Но Мэри, в противовес собственным словам, не думала уходить. Она раскрыла конспект, уверилась, что понимает почерк. Потом вновь полюбовалась кактусом, понюхала цветок на его верхушке, заявила, что он странно воняет, и только после этого направилась к дверям.
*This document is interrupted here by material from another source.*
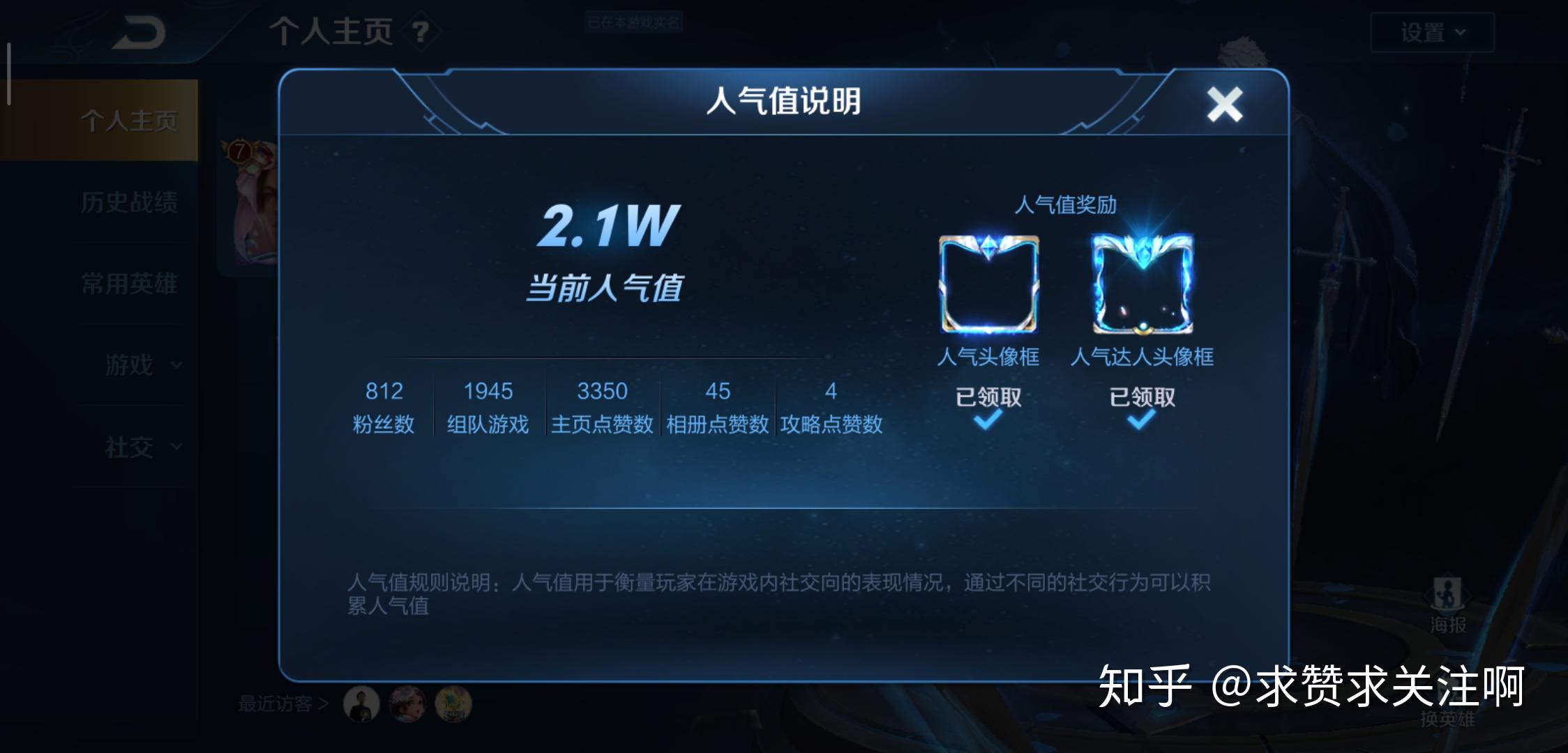 右边的小火焰是人气值,点击打开后有人气值说明,玩家的人气值到一定数值后还可以领取人气头像框和人气达人头像框,都是比较酷炫的动态头像框。

Но не успела Гвендолин облегченно выдохнуть, как в комнате прозвучало недовольное:
– Сама ты воняешь.
Мэри резко остановилась.
– Что? – спросила она, глядя на подругу.
– Что? – вздернула брови Гвен, надеясь, что рыжая поверит в слуховые галлюцинации.
– Кто это сказал?
– Что сказал?
– Что я воняю! – Мэри посмотрела по сторонам.
– Тебе показалось.
– Нет, я точно слышала! Звук шел оттуда. – Рыжая ткнула пальцем в сторону тумбочки.
Гвен усмехнулась:
– Просто окно открыто. Кто-то гуляет во дворе, а до нас эхо доносится.
– Да?
– Да. Не бери в голову. – Она схватила Мэри за руку и насильно вывела из комнаты, плотно закрывая за собой дверь. – Как думаешь, что сегодня на ужин? Хочется пирога с вишней и какао.
Гвендолин никогда не любила цветы на подоконниках. На тумбочках, впрочем, тоже. «Растения должны расти на природе, а не в горшках», – считала она и правильно делала. Последние события лишь убедили, что мирного сосуществования с зеленолистными быть не может.
– Ты заговорил при посторонних! – обличающе предъявила она кактусу, когда вернулась с ужина. – Заговорил и чуть не стал причиной чужого инфаркта.
– Твоя подруга сказала, что я воняю! – Кактус ни в какую не хотел чувствовать себя виноватым.
– А может, у нее нос забит? Разве это повод подставлять меня?
– Почему «подставлять»? Ты должна гордиться, что у тебя родился я, а не флегматичная фиалка!
– Фиалка не орала бы.
– В нашей академии фиалки разводит уборщица, госпожа Кокно. Как ты думаешь, мог ли у нее вырасти тихий и спокойный цветочек?
Гвендолин вспомнила ответственную за порядок даму и вздрогнула. Госпожа Кокно была под два метра ростом и столько же – в ширину, обладала громким басом и называла студентов «грязнопопиками». Кактус прав, у такой женщины не могло быть воспитанного питомца.
– А ты характером пошел в зельевара? – Гвендолин сложила руки на груди.